REQUIRED WORK
In the entries below, find the line containing "ご利用者の希望される生活やさまざまな思いを尊重し、 介護保険の「申請」から「サービス」のご利用まで お手伝いさせていただきます。" and the line containing "Bags of Love". Copy those two lines and everything between them exactly, without the pictures.
*** Block opens ***
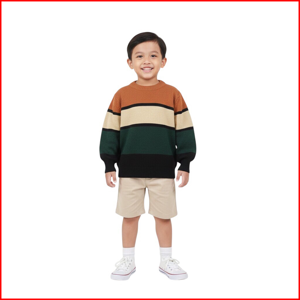 Figo Kids Knitwear Sweater Rajut Anak Garis-garis Katun S-xxl
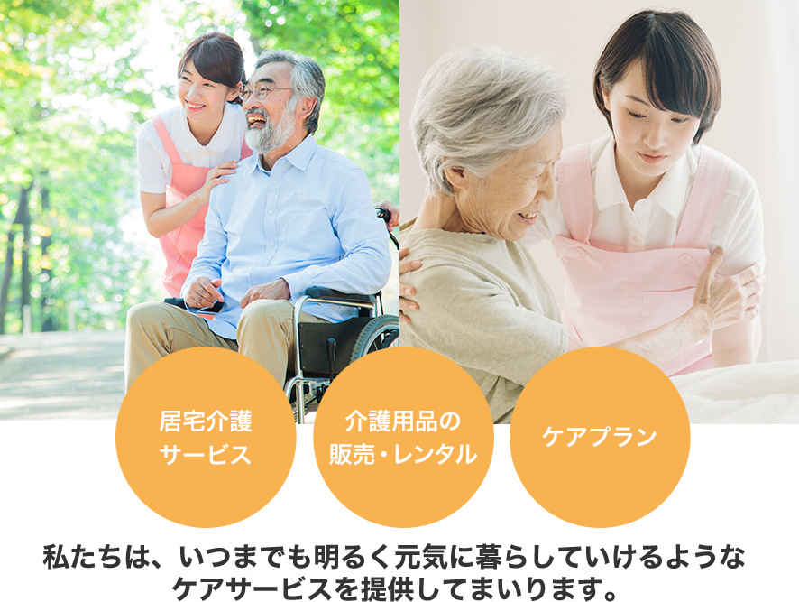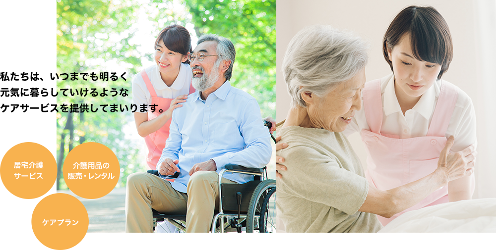 ご利用者の希望される生活やさまざまな思いを尊重し、 介護保険の「申請」から「サービス」のご利用まで お手伝いさせていただきます。
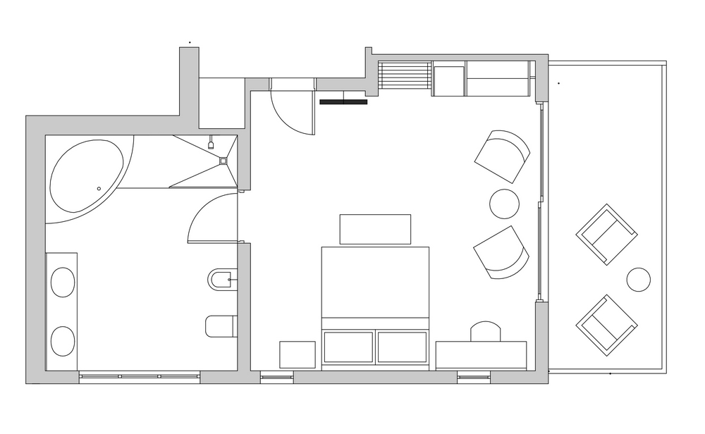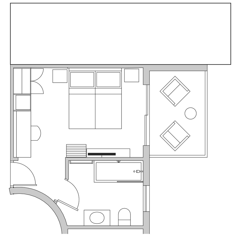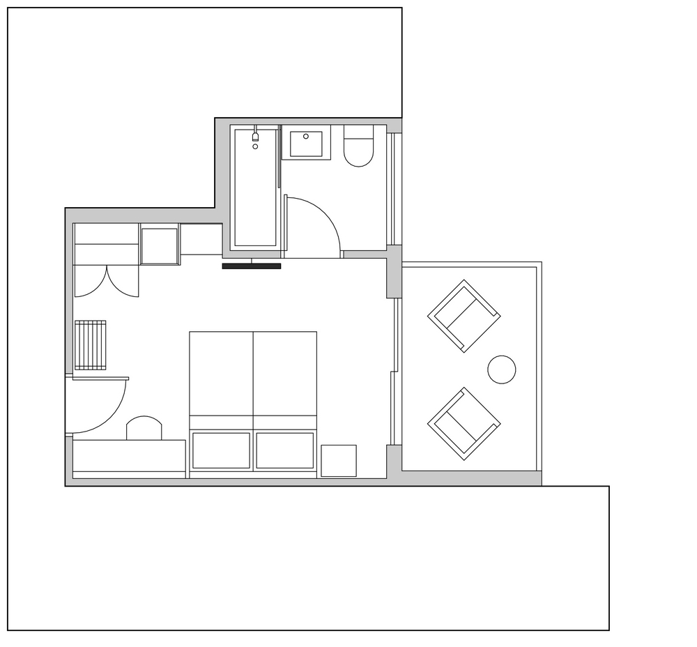 (22.5 m²) – Standard room with ocean views, situated on the lower ground floor with its own private deck of 6 m². Pleasantly light, it comprises of a bedroom decorated in neutral tones and a spacious ocean view bathroom. The extra length bed can be either twin or extra-large King and has anti-allergenic duvet and pillows. The room opens onto a private patio, to enjoy fresh air, sounds of birds in the garden or the nearby tree tops and breath-taking ocean views.
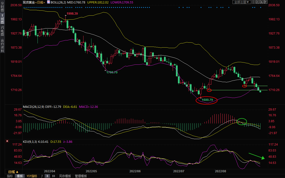 日线级别:震荡下跌;MACD死叉,KDJ向下发散,均线空头排列,布林线初步开口,空头占据明显上风,后市偏向沿布林线下轨向下运行,初步支撑在1700关口附近,然后是7月20日低点1692.35附近,强支撑在7月21日低点1680.79附近,2021年低点1676.91位置也可以参考,然后是2020年6月5日低点1670.98附近支撑。
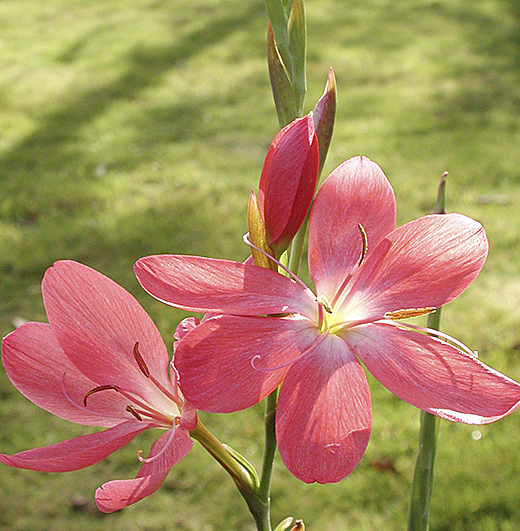 Schizostylis coccinea 'Zeal Salmon' Stems of large, deep-salmon-pink flowers from the end of August until frosts. 50cm. high. Price: £7.50
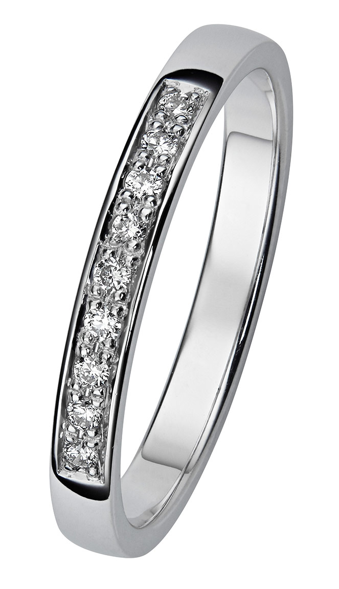 Kohinoor 033-210V-09 Margit är en tidlös halvallians ring av vitguld med briljanta diamanter. Kohinoor ringen tillverkas i Tavastehus, Finland.
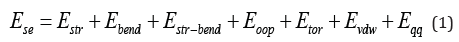 The steric energy, bond stretching, bending, stretch-bend, out of plane, and torsion interactions are called bonded interactions because the atoms involved must be directly bonded or bonded to a common atom. The van der Waals and electrostatic (qq) interactions are between non-bonded atoms.
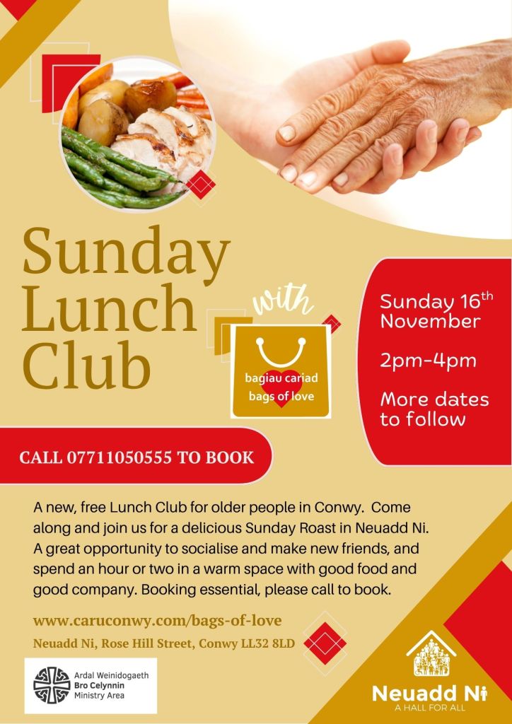 Bags of Love is also delighted to introduce the new Sunday Lunch Club. Designed for older people in Conwy and the surrounding areas, the Sunday Lunch Club will be a wonderful opportunity to get together for a slap up Sunday Roast with friends old and new, all completely free – there may even be some lovely music to reminisce to! The first date will be Sunday 16th November 2-4pm. Booking is essential, please call Nic on 07711050555 to book your space.
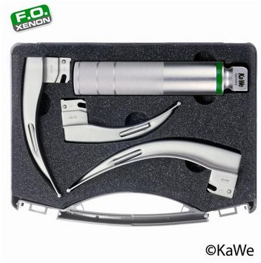 Zestaw Macintosh FO (1 uchwyt, 3 łyżki). Materiał - stal nierdzewna i odporne na refleksy świetlne, światłowód niewymienny O 4,0mm/5500 włókien, poziom jasności > 4200 lux, możliwość sterylizacji do 134°C, około 4000 razy. W zestawie: 1. rękojeść bateryjno- akumulatorowa (średnia), UWAGA!! brak baterii w zestawie. 2. żarówka xenon 2,5 V. 3. 3 łyżki światłowodowe rozmiar 2, 3 i 4. 4. walizka z tworzywa. 5. możliwość doposażenia w: akumulator i ładowarkę.
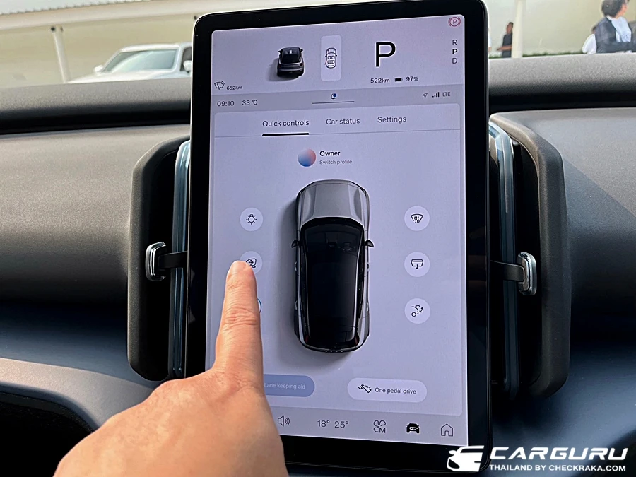 การปรับกระจกมองข้างต้องเข้าในจอกลางโดยกดรูป รถที่เมนูด่านล่างและไปจิ้มที่รูปกระจกมองข้าง และมีคำแนะนำให้ด้วย การปรับจะใช้ปุ่มสวิตช์บนพวงมาลัยขวามือได้เลย และเลือกปรับฝั่งซ้านหรือขวาด้วยการกดบนจอเช่นกัน นอกจากนี้ การเลือกเปิด-ปิดระบบ Keeplane และ One-Pedle ก็เลือกในจอนี้ด้วย
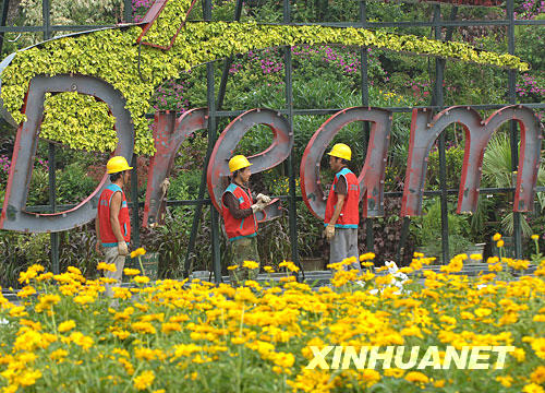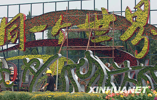 奧運(yùn)臨近,天安門廣場上的花壇工程正在緊張進(jìn)行中,許多奧運(yùn)景觀造型已初具規(guī)模,吸引了眾多中外游客前來參觀,扮靚了夏日里的天安門廣場。
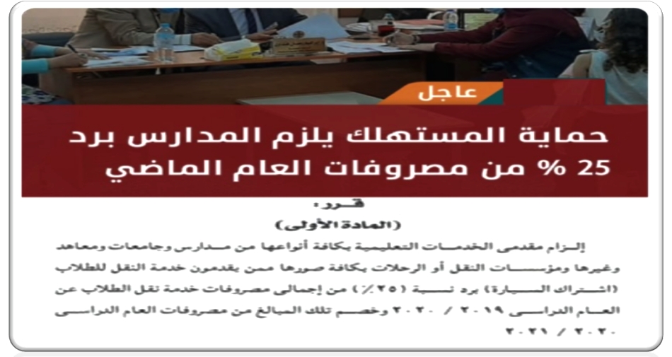 قرار جهاز حماية المستهلك يلزم المدارس برد 25 من مصروفات المدارس بخصمها من مصروفات العام الدراسى 2020 2021
*** Block closes ***
ANSWER AREA
 ご利用者の希望される生活やさまざまな思いを尊重し、 介護保険の「申請」から「サービス」のご利用まで お手伝いさせていただきます。
 (22.5 m²) – Standard room with ocean views, situated on the lower ground floor with its own private deck of 6 m². Pleasantly light, it comprises of a bedroom decorated in neutral tones and a spacious ocean view bathroom. The extra length bed can be either twin or extra-large King and has anti-allergenic duvet and pillows. The room opens onto a private patio, to enjoy fresh air, sounds of birds in the garden or the nearby tree tops and breath-taking ocean views.
 日线级别:震荡下跌;MACD死叉,KDJ向下发散,均线空头排列,布林线初步开口,空头占据明显上风,后市偏向沿布林线下轨向下运行,初步支撑在1700关口附近,然后是7月20日低点1692.35附近,强支撑在7月21日低点1680.79附近,2021年低点1676.91位置也可以参考,然后是2020年6月5日低点1670.98附近支撑。
 Schizostylis coccinea 'Zeal Salmon' Stems of large, deep-salmon-pink flowers from the end of August until frosts. 50cm. high. Price: £7.50
 Kohinoor 033-210V-09 Margit är en tidlös halvallians ring av vitguld med briljanta diamanter. Kohinoor ringen tillverkas i Tavastehus, Finland.
 The steric energy, bond stretching, bending, stretch-bend, out of plane, and torsion interactions are called bonded interactions because the atoms involved must be directly bonded or bonded to a common atom. The van der Waals and electrostatic (qq) interactions are between non-bonded atoms.
 Bags of Love is also delighted to introduce the new Sunday Lunch Club. Designed for older people in Conwy and the surrounding areas, the Sunday Lunch Club will be a wonderful opportunity to get together for a slap up Sunday Roast with friends old and new, all completely free – there may even be some lovely music to reminisce to! The first date will be Sunday 16th November 2-4pm. Booking is essential, please call Nic on 07711050555 to book your space.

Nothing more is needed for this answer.